● **GOAL OF THE EXERCISE**: Look through the listing below and write out exactly the lines from the line with "BLACK GORGETTE MULTI" to the line with "1. Select Add", both included, and no others.

● **EXCERPTED DATA**:
━━━━━━

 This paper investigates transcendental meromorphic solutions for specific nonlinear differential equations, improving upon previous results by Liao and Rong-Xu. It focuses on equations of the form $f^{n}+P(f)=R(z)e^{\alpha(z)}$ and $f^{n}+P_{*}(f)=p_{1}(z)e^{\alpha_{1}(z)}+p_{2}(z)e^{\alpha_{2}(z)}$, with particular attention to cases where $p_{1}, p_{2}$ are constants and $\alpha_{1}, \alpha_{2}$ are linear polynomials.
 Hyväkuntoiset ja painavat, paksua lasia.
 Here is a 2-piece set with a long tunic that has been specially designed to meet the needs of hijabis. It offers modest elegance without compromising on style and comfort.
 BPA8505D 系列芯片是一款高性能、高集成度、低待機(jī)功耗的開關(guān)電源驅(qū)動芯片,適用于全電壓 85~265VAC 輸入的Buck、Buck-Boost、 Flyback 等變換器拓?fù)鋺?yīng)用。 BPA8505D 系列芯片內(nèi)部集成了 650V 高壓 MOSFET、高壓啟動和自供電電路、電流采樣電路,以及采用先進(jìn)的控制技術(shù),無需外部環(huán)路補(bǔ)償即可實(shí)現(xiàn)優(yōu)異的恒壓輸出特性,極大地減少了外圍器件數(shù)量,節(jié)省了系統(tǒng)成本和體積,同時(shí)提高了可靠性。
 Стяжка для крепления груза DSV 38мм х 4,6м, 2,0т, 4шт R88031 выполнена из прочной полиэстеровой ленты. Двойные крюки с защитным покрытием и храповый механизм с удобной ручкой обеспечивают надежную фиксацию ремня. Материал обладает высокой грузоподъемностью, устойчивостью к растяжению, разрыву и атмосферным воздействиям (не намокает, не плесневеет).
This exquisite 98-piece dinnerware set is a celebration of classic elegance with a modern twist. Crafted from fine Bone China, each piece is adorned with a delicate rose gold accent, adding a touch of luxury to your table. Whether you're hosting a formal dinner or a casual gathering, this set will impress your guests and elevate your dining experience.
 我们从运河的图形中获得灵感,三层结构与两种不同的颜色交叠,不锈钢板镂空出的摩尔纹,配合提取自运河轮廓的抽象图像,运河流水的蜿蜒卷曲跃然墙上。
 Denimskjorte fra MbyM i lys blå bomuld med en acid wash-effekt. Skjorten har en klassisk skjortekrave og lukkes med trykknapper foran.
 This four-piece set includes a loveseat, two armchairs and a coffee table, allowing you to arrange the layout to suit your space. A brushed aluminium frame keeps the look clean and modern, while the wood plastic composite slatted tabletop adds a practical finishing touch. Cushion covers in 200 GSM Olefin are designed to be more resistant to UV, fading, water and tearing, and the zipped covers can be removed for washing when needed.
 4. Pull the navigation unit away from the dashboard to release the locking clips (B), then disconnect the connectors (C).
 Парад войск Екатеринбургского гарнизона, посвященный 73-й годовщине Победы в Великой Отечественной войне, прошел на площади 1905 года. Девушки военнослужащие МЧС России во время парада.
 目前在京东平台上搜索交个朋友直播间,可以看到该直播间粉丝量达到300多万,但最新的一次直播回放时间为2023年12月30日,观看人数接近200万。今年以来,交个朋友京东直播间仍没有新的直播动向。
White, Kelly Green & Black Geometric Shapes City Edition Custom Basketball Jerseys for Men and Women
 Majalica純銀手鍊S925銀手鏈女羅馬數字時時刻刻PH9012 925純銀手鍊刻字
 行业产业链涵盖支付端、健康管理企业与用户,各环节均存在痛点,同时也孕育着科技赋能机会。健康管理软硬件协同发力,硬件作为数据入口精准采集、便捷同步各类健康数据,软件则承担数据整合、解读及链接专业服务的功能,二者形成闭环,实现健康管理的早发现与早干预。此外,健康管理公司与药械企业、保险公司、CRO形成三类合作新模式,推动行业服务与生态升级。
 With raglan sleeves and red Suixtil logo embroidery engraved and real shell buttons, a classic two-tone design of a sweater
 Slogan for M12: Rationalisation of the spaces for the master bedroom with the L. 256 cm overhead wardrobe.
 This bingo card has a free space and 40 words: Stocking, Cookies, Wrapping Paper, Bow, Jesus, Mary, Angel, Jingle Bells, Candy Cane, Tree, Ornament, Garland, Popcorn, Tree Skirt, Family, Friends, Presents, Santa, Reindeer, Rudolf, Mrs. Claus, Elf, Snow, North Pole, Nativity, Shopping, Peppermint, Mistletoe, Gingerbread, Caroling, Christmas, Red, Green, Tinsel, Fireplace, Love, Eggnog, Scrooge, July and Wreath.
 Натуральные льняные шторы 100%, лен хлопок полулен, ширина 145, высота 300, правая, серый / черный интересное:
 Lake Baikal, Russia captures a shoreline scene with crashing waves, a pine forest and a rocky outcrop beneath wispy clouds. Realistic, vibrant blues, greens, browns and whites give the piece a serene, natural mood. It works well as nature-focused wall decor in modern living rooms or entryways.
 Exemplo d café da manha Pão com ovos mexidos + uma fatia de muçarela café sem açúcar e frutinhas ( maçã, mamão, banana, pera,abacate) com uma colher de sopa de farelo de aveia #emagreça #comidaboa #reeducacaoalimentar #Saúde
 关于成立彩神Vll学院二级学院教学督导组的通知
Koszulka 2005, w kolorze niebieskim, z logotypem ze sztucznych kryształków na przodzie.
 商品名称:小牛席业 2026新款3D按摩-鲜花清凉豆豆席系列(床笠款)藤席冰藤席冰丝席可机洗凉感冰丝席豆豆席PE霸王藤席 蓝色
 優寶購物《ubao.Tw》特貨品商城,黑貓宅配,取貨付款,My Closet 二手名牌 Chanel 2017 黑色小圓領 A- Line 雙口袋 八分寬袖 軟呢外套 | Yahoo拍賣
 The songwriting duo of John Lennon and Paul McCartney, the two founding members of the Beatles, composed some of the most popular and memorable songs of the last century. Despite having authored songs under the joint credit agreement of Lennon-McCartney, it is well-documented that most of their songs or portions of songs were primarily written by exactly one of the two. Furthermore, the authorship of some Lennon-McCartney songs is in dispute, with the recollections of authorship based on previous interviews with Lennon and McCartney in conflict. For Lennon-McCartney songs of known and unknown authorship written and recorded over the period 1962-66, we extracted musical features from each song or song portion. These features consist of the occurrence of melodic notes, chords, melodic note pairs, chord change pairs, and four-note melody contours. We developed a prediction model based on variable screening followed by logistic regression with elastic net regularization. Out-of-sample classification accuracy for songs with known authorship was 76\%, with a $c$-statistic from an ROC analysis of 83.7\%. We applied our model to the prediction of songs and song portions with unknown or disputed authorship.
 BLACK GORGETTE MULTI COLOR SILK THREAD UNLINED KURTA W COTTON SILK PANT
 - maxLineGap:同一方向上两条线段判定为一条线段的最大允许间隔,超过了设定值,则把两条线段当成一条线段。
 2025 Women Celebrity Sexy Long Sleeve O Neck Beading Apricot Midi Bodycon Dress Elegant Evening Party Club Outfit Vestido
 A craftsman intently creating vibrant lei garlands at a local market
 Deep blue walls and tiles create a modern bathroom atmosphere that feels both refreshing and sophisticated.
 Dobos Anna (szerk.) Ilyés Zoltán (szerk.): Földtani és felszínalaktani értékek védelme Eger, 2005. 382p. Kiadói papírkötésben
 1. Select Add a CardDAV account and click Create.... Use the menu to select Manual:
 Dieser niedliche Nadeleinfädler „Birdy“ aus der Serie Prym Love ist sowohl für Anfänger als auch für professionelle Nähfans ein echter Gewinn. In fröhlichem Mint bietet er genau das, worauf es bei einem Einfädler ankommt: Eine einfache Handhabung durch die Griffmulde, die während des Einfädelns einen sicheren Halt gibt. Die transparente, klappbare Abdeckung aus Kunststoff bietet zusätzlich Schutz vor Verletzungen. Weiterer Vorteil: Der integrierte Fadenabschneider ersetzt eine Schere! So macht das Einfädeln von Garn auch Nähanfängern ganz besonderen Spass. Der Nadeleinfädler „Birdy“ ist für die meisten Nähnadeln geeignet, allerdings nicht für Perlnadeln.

━━━━━━

● **PROBLEM SOLUTION**:
 BLACK GORGETTE MULTI COLOR SILK THREAD UNLINED KURTA W COTTON SILK PANT
 - maxLineGap:同一方向上两条线段判定为一条线段的最大允许间隔,超过了设定值,则把两条线段当成一条线段。
 2025 Women Celebrity Sexy Long Sleeve O Neck Beading Apricot Midi Bodycon Dress Elegant Evening Party Club Outfit Vestido
 A craftsman intently creating vibrant lei garlands at a local market
 Deep blue walls and tiles create a modern bathroom atmosphere that feels both refreshing and sophisticated.
 Dobos Anna (szerk.) Ilyés Zoltán (szerk.): Földtani és felszínalaktani értékek védelme Eger, 2005. 382p. Kiadói papírkötésben
 1. Select Add a CardDAV account and click Create.... Use the menu to select Manual:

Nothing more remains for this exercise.